Elise Scheiner Brezis, professor of Economics at Bar-Ilan University, is the director of the Azrieli Center for Economic Policy. She has been the head of the Statistics division at the Research Department in the Bank of Israel, and from 1999 to 2003, she was the President of the Israeli Association for the Study of European Integration. She holds a PhD in Economics from Massachusetts Institute of Technology (1989).

Her first works in economic history were on 18th century England and are where she developed previously nonexistent data on the balance of payments of the UK. Her research interests are related to economic growth. Her main works are in two fields: the first is the interaction between sociology and economics emphasizing the stratification of society and focusing on the elites; the second is technology, demography and economic growth. In the former, she has been on the forefront of research in the field of elites. In the latter, her most cited work dealing with technology and growth on leapfrogging in international competition, a paper on the theory of cycles in national technological leadership that she worked on with Paul Krugman, published in the American Economic Review in 1993. She is also a fellow at the Minerva Center for Growth in Jerusalem and serves on the editorial board of Cliometrica.

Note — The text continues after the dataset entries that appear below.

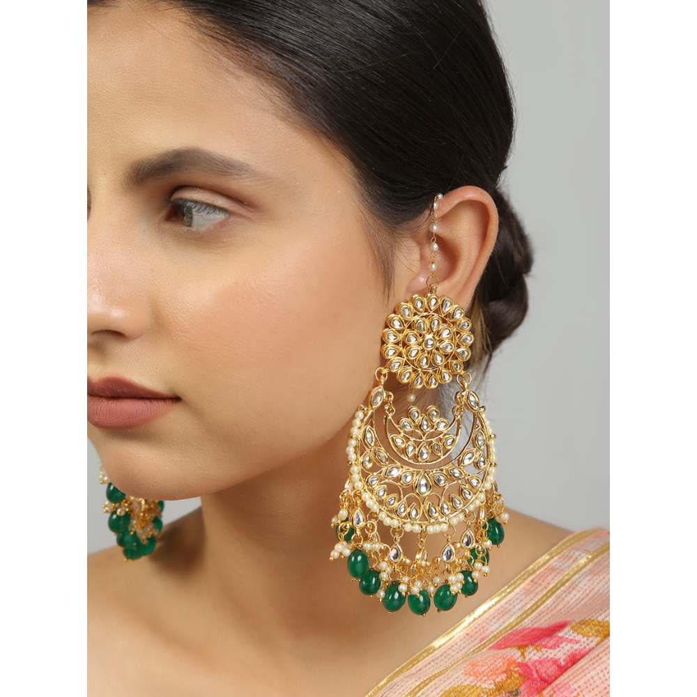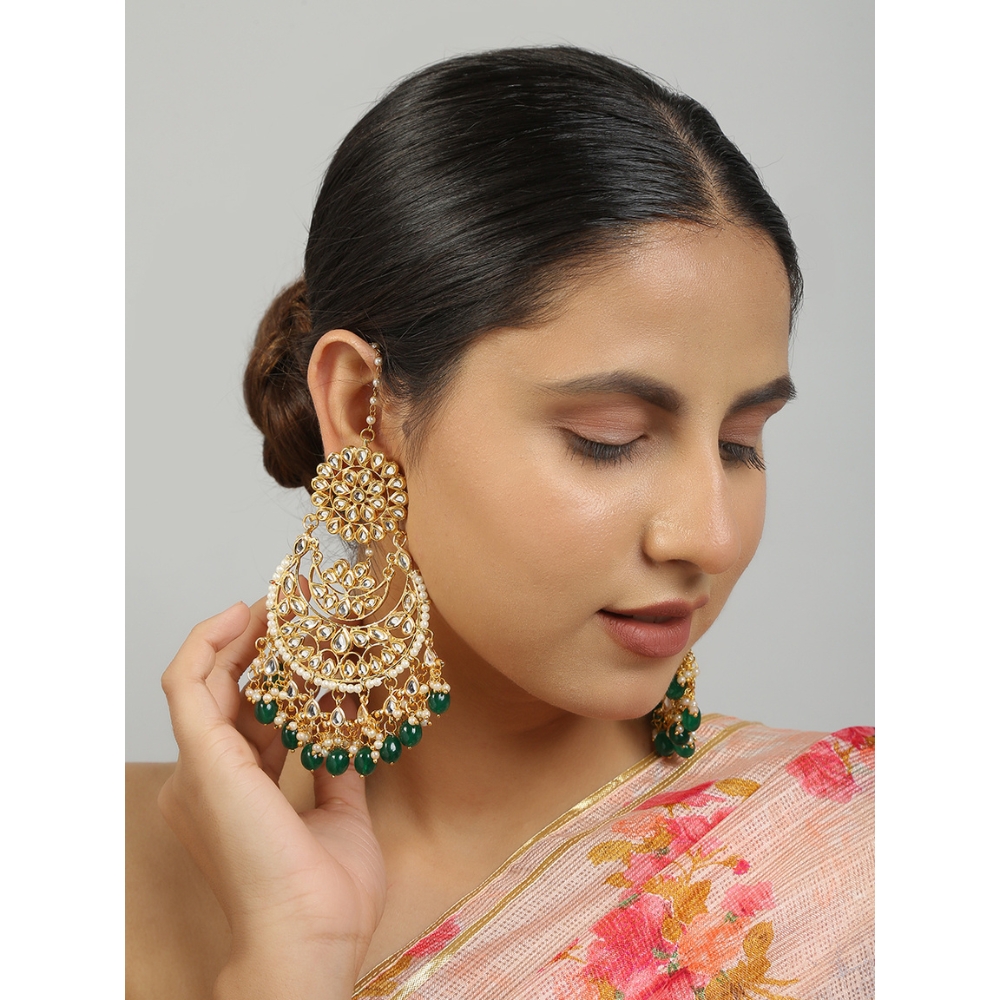 These traditional chandbali earrings combine intricate kundan craftsmanship with elegant proportions, offering a refined statement piece loved by brides, stylists, and ethnic jewellery collectors.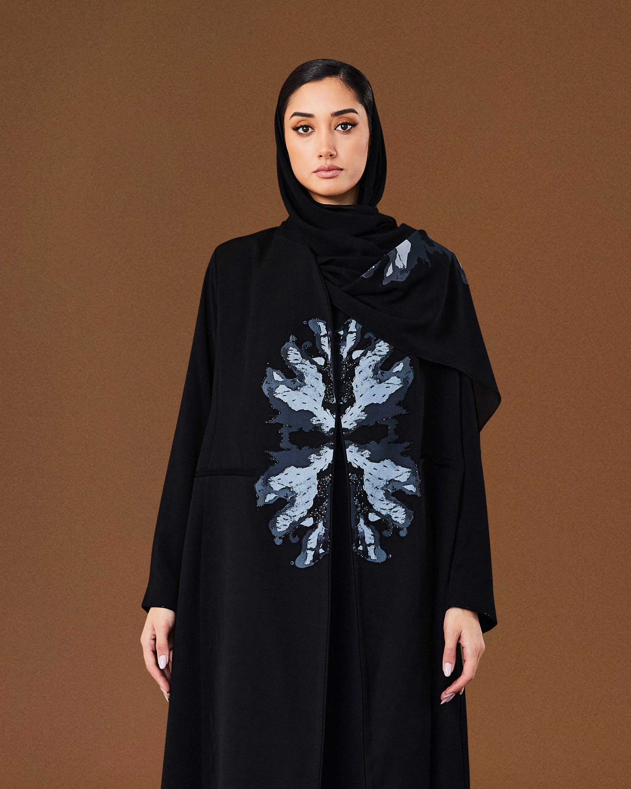 Crafted from printed crepe in black and grey tones, this AK-07 cut features a flowing silhouette with subtle central detailing, offering composed elegance for serene Ramadan evenings.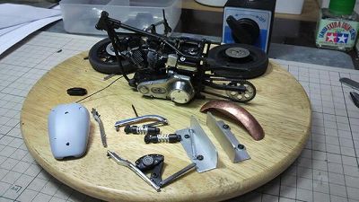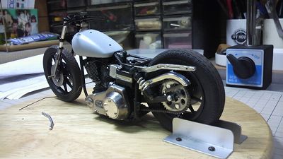 ギャァ〜!フェンダーが合わないサ、失敗だぁ〜! やっぱり仮組で調整は大事だね まぁいいや! やっぱりこのフェンダーは没にしよう アルミ版で作ってみようかな 板金たたき出しに挑戦です・・・ ってことは、フェンダーステーの改造も 必要ってことだよね いやぁ参ったね、うまく出来るかなぁ〜(汗) (最終更新2010/11/24/Wed/13:30:36)

Brezis examines the evolution of recruitment of elites and investigates the nature of the links between recruitment of elites and economic growth. The main change that occurred in the way the Western world recruited its elites is that meritocracy became the basis for their recruitment. Although meritocratic selection should result in the best being chosen, she shows that meritocratic recruitment actually leads to class stratification and auto-recruitment.

Brezis's book examines the relationship between elites, minorities, and economic growth. The novelty of the book lies in its focus on the interaction between social and economic changes during economic growth.

1. In Brezis's work with Krugman, they emphasized that endogenous-growth theory suggests that technological change tends to reinforce the position of the leading nations. Yet sometimes this leadership role shifts. They suggest a mechanism that explains this pattern of 'leapfrogging' as a response to occasional major changes in technology.